AAC is a differentiable landmark-selection module for ALT (A*, Landmarks, and Triangle inequality) shortest-path heuristics. It compresses a large set of teacher landmarks into a small, search-efficient subset via gradient descent -- and its outputs are admissible by construction: a row-stochastic compression matrix produces convex combinations of triangle-inequality lower bounds, so the heuristic is admissible for every parameter setting, at every training epoch, without convergence assumptions or post-hoc calibration.
At deployment the module reduces to classical ALT on the learned subset, preserving the full classical toolchain (BPMX, bound substitution, bidirectional search).
Paper: "AAC: An Admissible-by-Architecture Differentiable Compressor for Learned ALT Landmark Selection" -- An T. Le and Vien Ngo (arXiv:2604.20744).

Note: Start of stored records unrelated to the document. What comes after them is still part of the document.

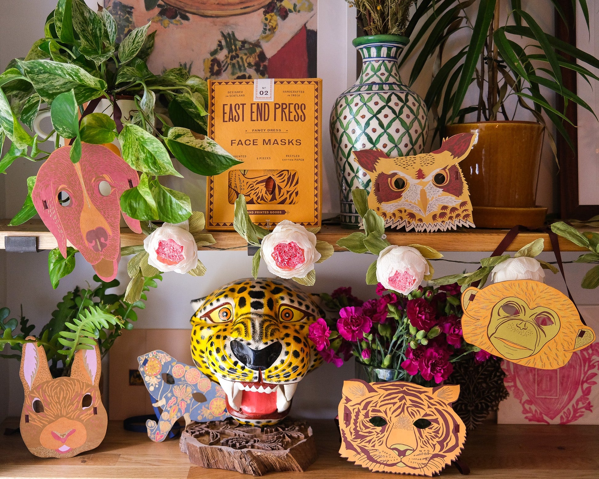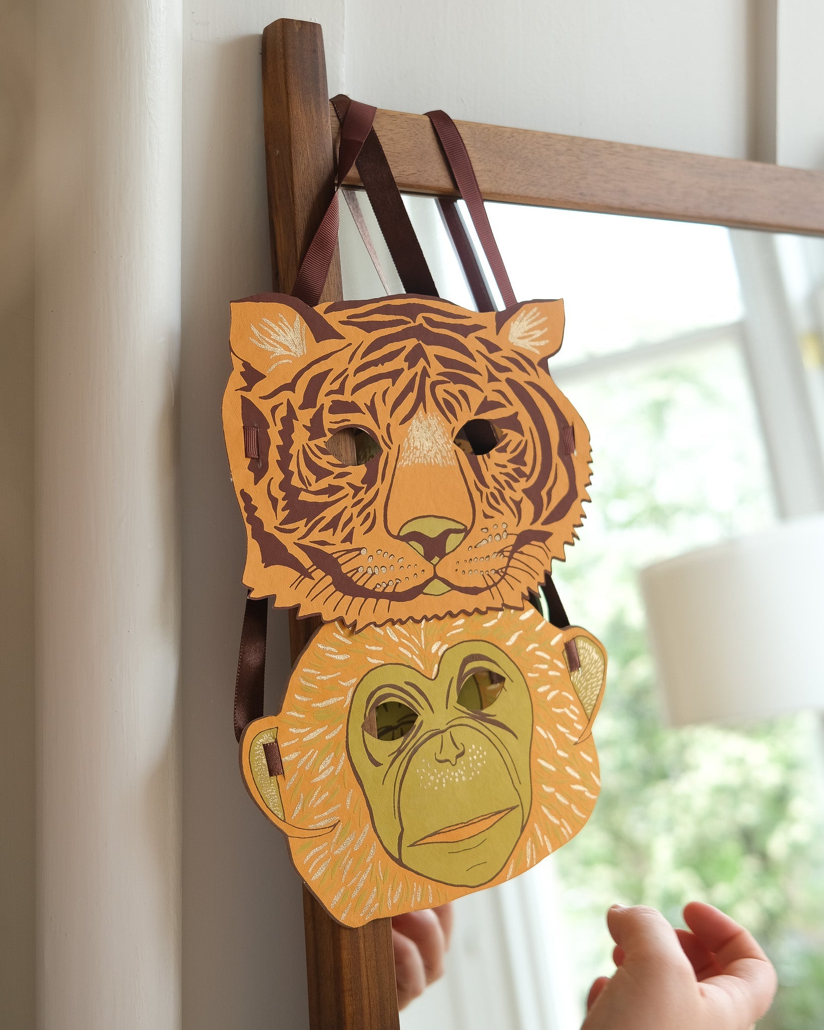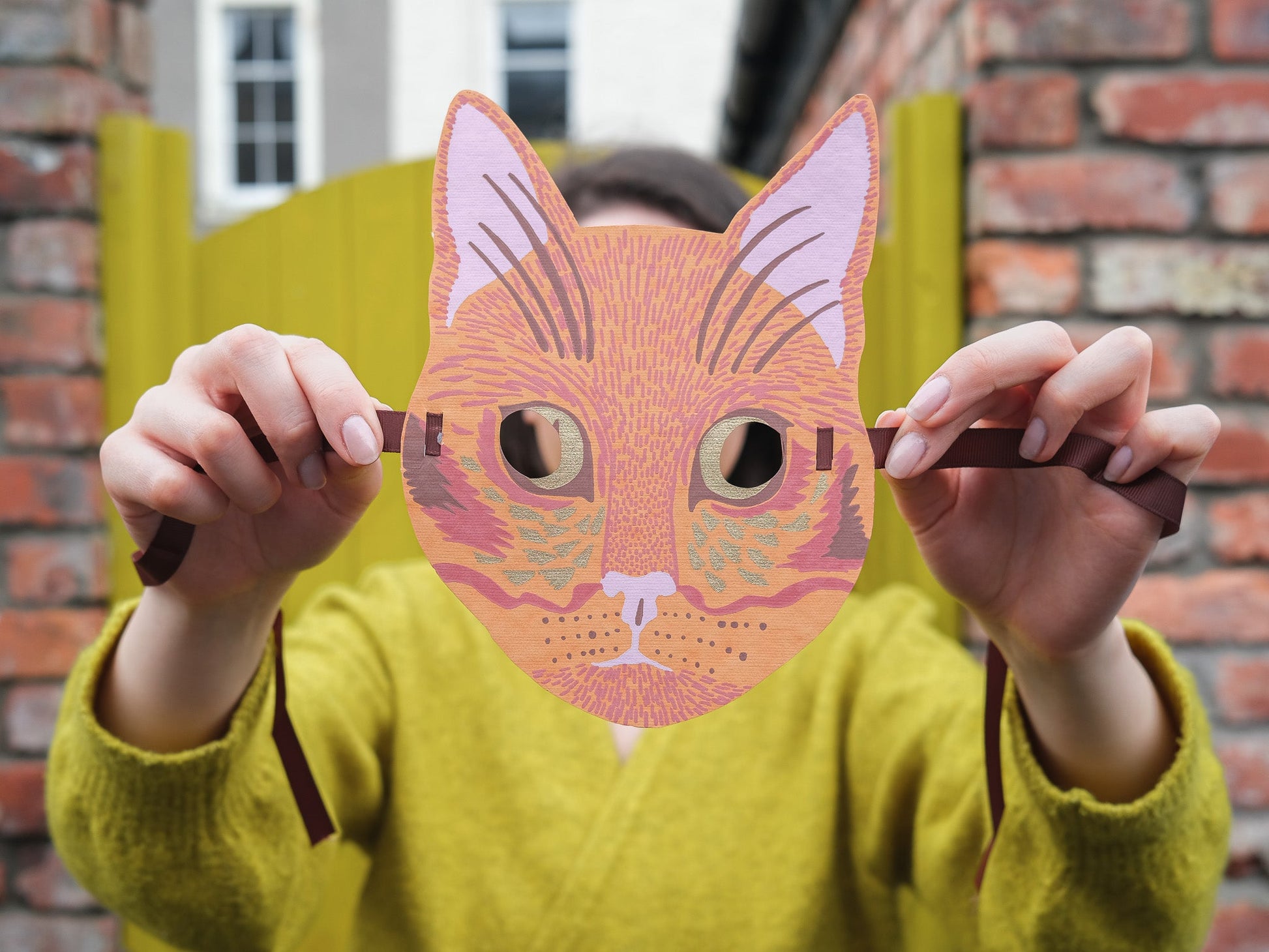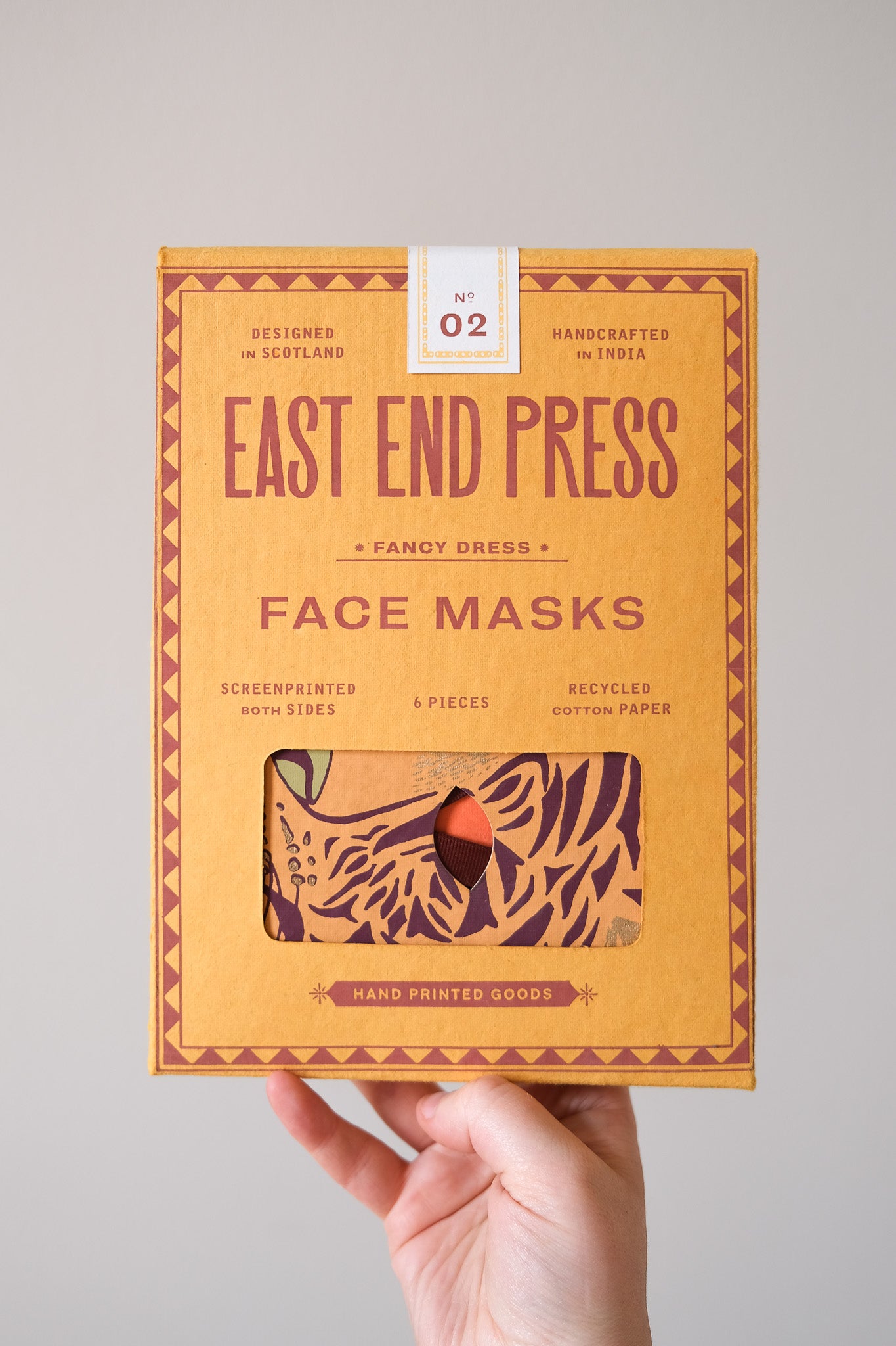 Our costume masks are screen printed on both sides on thick, handmade cotton paper. The recycled paper masks have two cut-out eye holes with securely attached ribbon on either end, making them ideal accessories for parties and fancy dress.
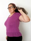 A feminine but linear tee with a slight negative ease, Malvarosa relies on the softness and drape of Malabar’s blend of cotton and silk to create a form-fitting garment that will settle on your shapes. The slight waist shaping, worked only on the back, and the variable breast shaping (you can choose between three options) will create the best fit for you.
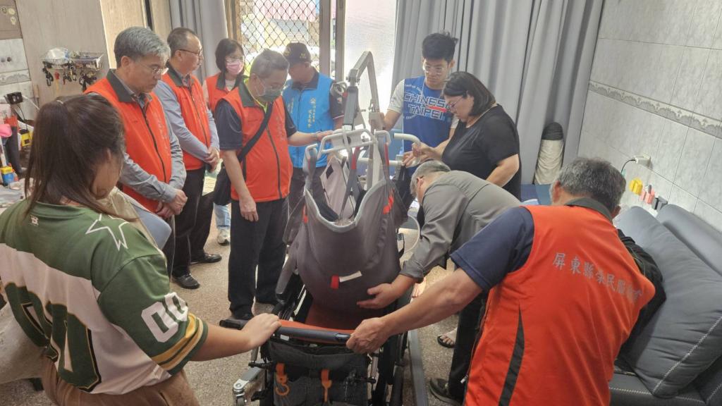 捐贈當日,榮服處偕同屏東榮總社工室主任王建業、個管師等服務團隊,教導家屬正確移位方式及照護技巧,讓榮民在家也能獲得持續且安全照護;士官校友會副理事長李光忠本於同袍之情,也積極參與捐贈活動,給予同袍打氣與精神鼓舞。
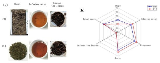 (a) The appearance of Fu tea, shape, infusion color, and infused tea leaves of Fu brick tea (FBT) and Fu loose tea (FLT) (from left to right); (b) radar plot of sensory descriptor scores of FBT and FLT.
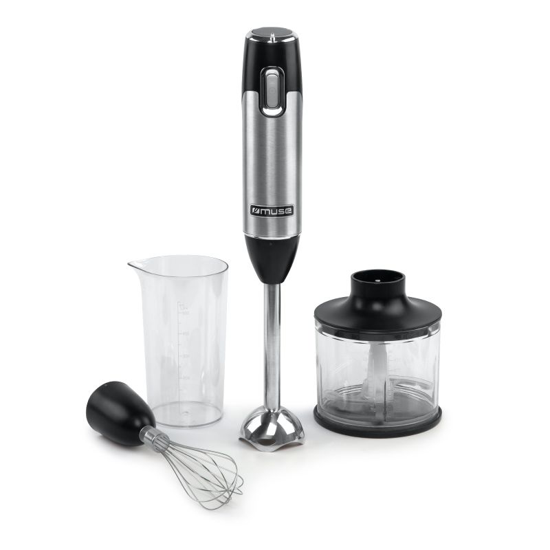 Zerkleinern, Schlagen, Mixen und Pürieren. Dieses 4-teilige Stabmixer-Set von Muse hat alles, was Sie brauchen, um schnell und einfach die leckersten Gerichte zuzubereiten. Dieser 600 W starke Stabmixer ist mit Edelstahlklingen ausgestattet und eignet sich zusammen mit dem Zerkleinerer und dem Messbecher für die Zubereitung von Saucen, Suppen und kleinen Gerichten.

AAC training on a 50×50 maze, compressing 48 FPS landmarks to 10. Left: A* expansion heatmap with teacher landmarks (gray dots) and learned AAC landmarks (colored diamonds). Middle: selection matrix sharpening from diffuse to one-hot. Right: heuristic gap loss converging. The heuristic is admissible at every frame.
AAC learns which landmarks matter by parameterizing a row-stochastic compression matrix A over a pool of K teacher landmarks (selected by farthest-point sampling). Each of the m output dimensions is a convex combination of teacher distances. Since a convex combination of admissible lower bounds is itself admissible (Proposition 1 in the paper), the compressed heuristic is admissible for every value of A -- not just at convergence, but at initialization and every intermediate checkpoint.
During training, Gumbel-softmax annealing sharpens each row of A from a diffuse mixture toward a one-hot selection, so the final model selects a discrete landmark subset. The training objective minimizes the gap between the learned heuristic and the teacher, driving the selected landmarks toward those that most reduce A* node expansions.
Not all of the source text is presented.